Present a Strong Sales Pipeline

There is no business without sales. Investors must be convinced that people are willing to buy your product or services. Your product or service must stand out from what’s already being offered in the market. Your differentiators should be easily identifiable when explaining the sales process to investors.

Be prepared to prove to investors that your market potential is large enough to warrant an investment. Provide a track record of sales you’ve already made (breaking down the number of prospects at each stage in the buying process) and show how you plan to continue to expand your pipeline to grow the business and generate revenue.

Create Credible Financial Projections

It is necessary to build logical financial assumptions and projections to show angel investors that their initial investments will grow and return. No investor will provide funding based on excitement only ⁠— even if you have a disruptive idea and promising product. 
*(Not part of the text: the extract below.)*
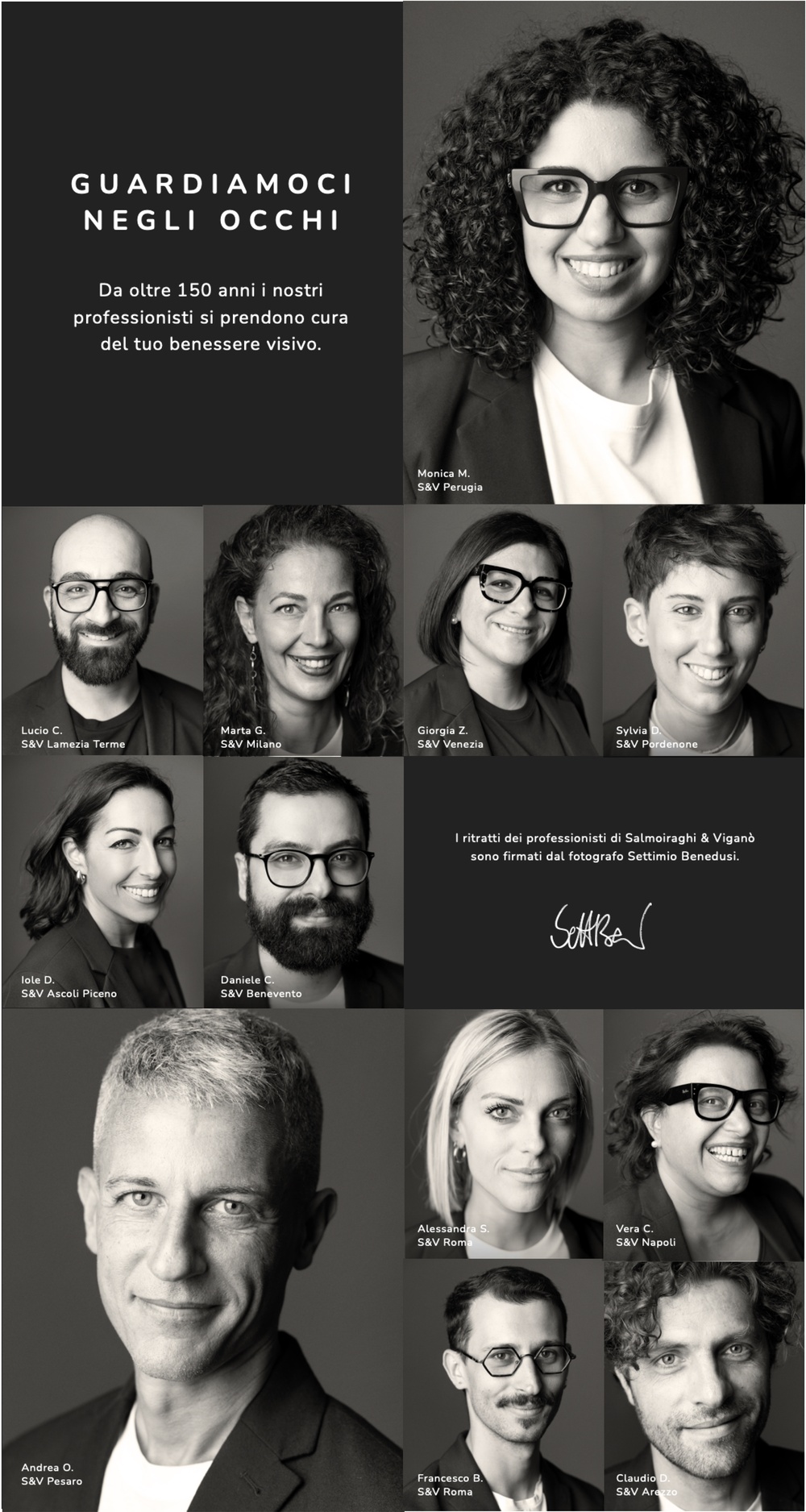 Il 9 ottobre a Torino, nel rinnovato negozio Salmoiraghi & Viganò di via Roma 33, Settimio Benedusi presenzierà anche all’inaugurazione della mostra Gli Occhi Dicono Tutto, dove verranno esposte alcune delle fotografie scattate nel contesto delle campagne “Guardiamoci negli Occhi” del 2024 e “Uniamo i nostri Sguardi” del 2023. Lo scorso anno, infatti, Settimio Benedusi, insieme al team Salmoiraghi & Viganò, si è recato in una clinica di EssilorLuxottica OneSight Foundation, per raccontare, sempre attraverso lo sguardo, la storia delle persone cui la Fondazione fornisce gratuitamente visite oculistiche e occhiali correttivi. La Fondazione OneSight EssilorLuxottica ha infatti la missione di curare i difetti visivi non corretti nel mondo e in Italia, e da anni Salmoiraghi & Viganò ne supporta la missione grazie al volontariato dei propri ottici e alle donazioni dei propri clienti.

To make a credible financial projection, consider employing the services of a trusted accountant. An accountant can present your financial projections as high-level assumptions, which will give investors confidence that your business has the capacity to to scale and grow. 

Remember that your financial projections must be grounded and based on reality. Angels are impressed when entrepreneurs know their numbers inside and out and are realistic about their valuations.

There you have, six ways to set yourself up for success when looking for Angel Investors. However, reader beware, raising angel capital is a tough process. You will fail more than you will succeed. 

Stay persistent and if you believe in your business, it will happen!